Friday, July 2, 2010

words help

my buddy pam wrote me a note yesterday with
a sentence in it that knocked me outta my

it was the wording of the sentence that just
bam. bam. bam. hit so loud and clear.

i wanted to put it out here....

she was writing me about the message we get
when we're molested. here's what she said:

"We hear "don't tell" as "don't tell who you are,
because the molester saw that and look what happened."



have you ever worded it to yourself that way???

i don't think i have.

i think i have worded it a thousand ways to myself,
and i think they've all meant the same thing....
but she nailed it right there in such a clear way
that it really helped me see it better.

i thought it might help some of you....

time to fix that faulty message, don't ya think???


i don't know.
but i'm gonna do it anyway.
sometimes i think it's 'fixed' and then sometimes
i know it's not.

it's one of those sneaky things that comes up in
weird moments.

well, i want different things to come up in weird
moments. not that.

and i think pam just helped me a lot to kinda hold
it in a different light.

thought maybe it could help you too.

(pam, i shoulda asked you if i could use the sentence!
but i kinda like the idea of you comin' over here
and bein' surprised.
i want you to see how much your words help.....)


Merry ME said...

Pam is a very wise woman.
And she is not afraid to share her wisdom.
Something tells me she won't mind that you've quoted her.

Qn Dani said...

in my late 20's I had a very serious medical problem with my sinuses. The dr - examining me commented that my nose had been broken at least twice. I vehemently denied it - three times. He told me to call my mom and ask her - that it had probably been broken in play when I was a child.
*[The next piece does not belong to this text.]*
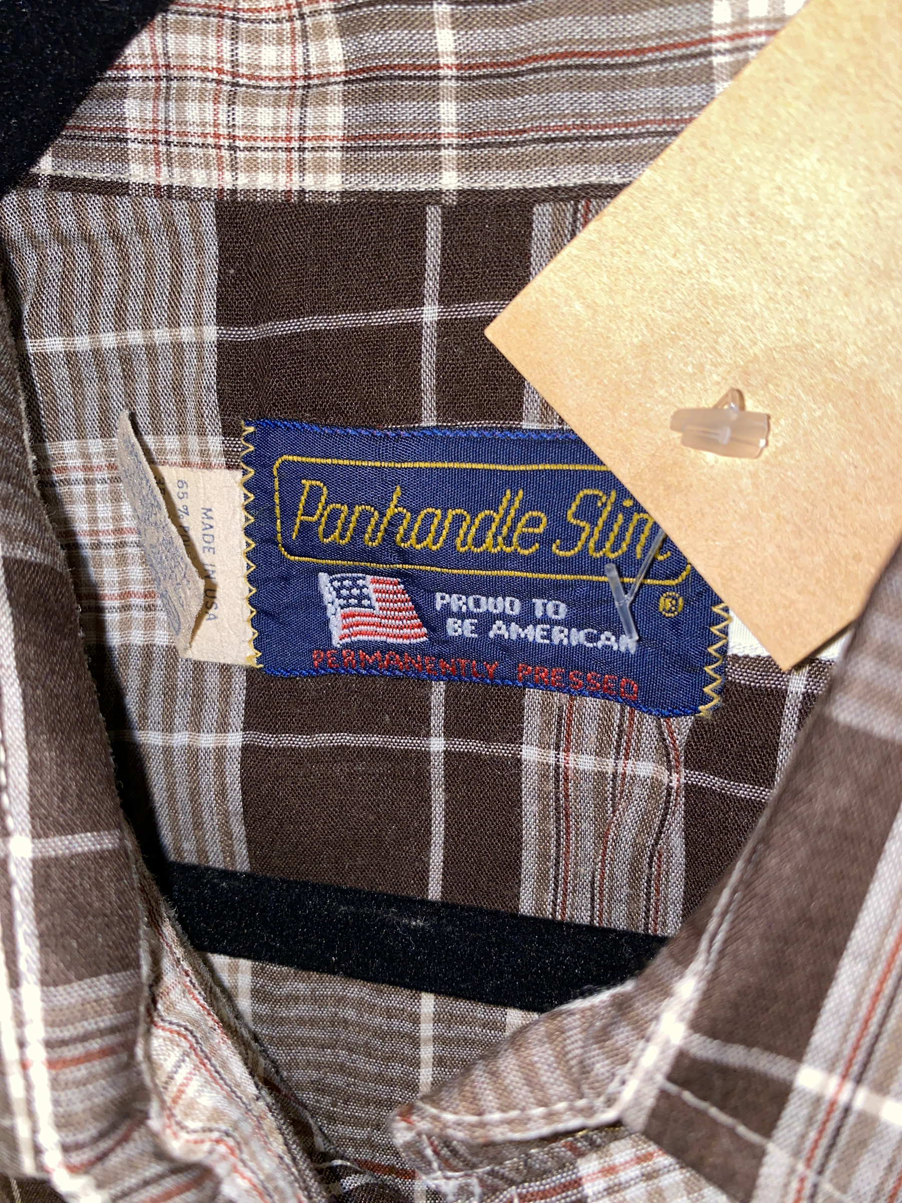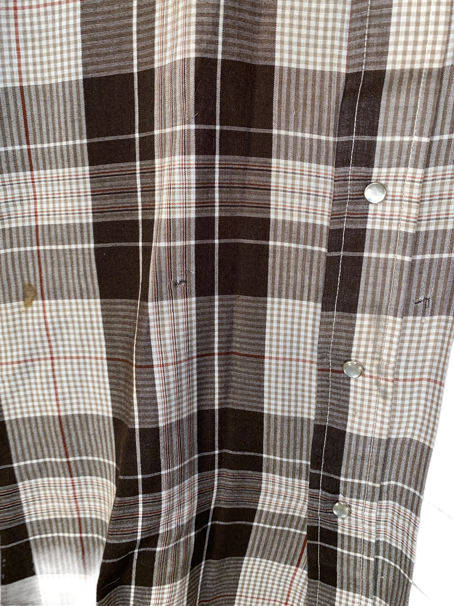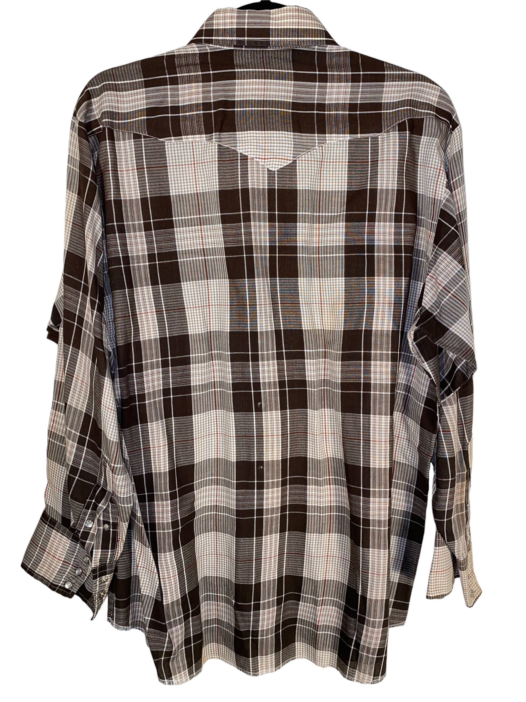 1990s Panhandle Slim Brown Plaid Pearl Snap Shirt

left the office, and out in the parking lot, I told my husband, "the first time my nose was broken was....and the second time was when...and the third time" He looked at me with shock and asked why I lied to the doctor and pretended I didn't know what he was talking about.

But I couldn't tell the doc because then he would have "seen" me and known that I was so bad and mean and selfish that I made my mom hit me.

Because that's what I heard from the adults around me...."Why do you make her so mad she has to "do this?" (as in hit me or shove me hard enough to injure me.)

We hear "don't tell" as "don't tell who you are, because the abuser saw that and look what happened."


Suz said...

how amazingly, scarily accurate!!!
I've told myself that... not in those same words - but WOW does that add some clarity!!!
Thank you!!!
I still catch myself thinking it in some form or another...

Pamela Jones said...

Seems like my response got lost...forgive me if this posts twice.

So, you've done it.

And there's that feeling of dread again...the one where you feel like there's something intrinsically wrong with your ability to decide.

Of course I don't mind that you shared this. How sad it is that one event in a lifetime can cause us to hide away so much of ourselves in the name of protecting who we are, and all the while the world doesn't get to see what we have to offer. We are not the ones the world needs protection from, and we don't need to hide from everyone because of one person's actions.

Dani, I am so sorry that you lived so much of your life feeling responsible for your mom's behavior. It hurts my heart to think of little Dani with her nose broken feeling responsible for the pain.

It occurs to me that we reclaim our power when we forgive; because when there is something to forgive, it means we acknowledge that the choice belonged to the other person -- and the truth is told.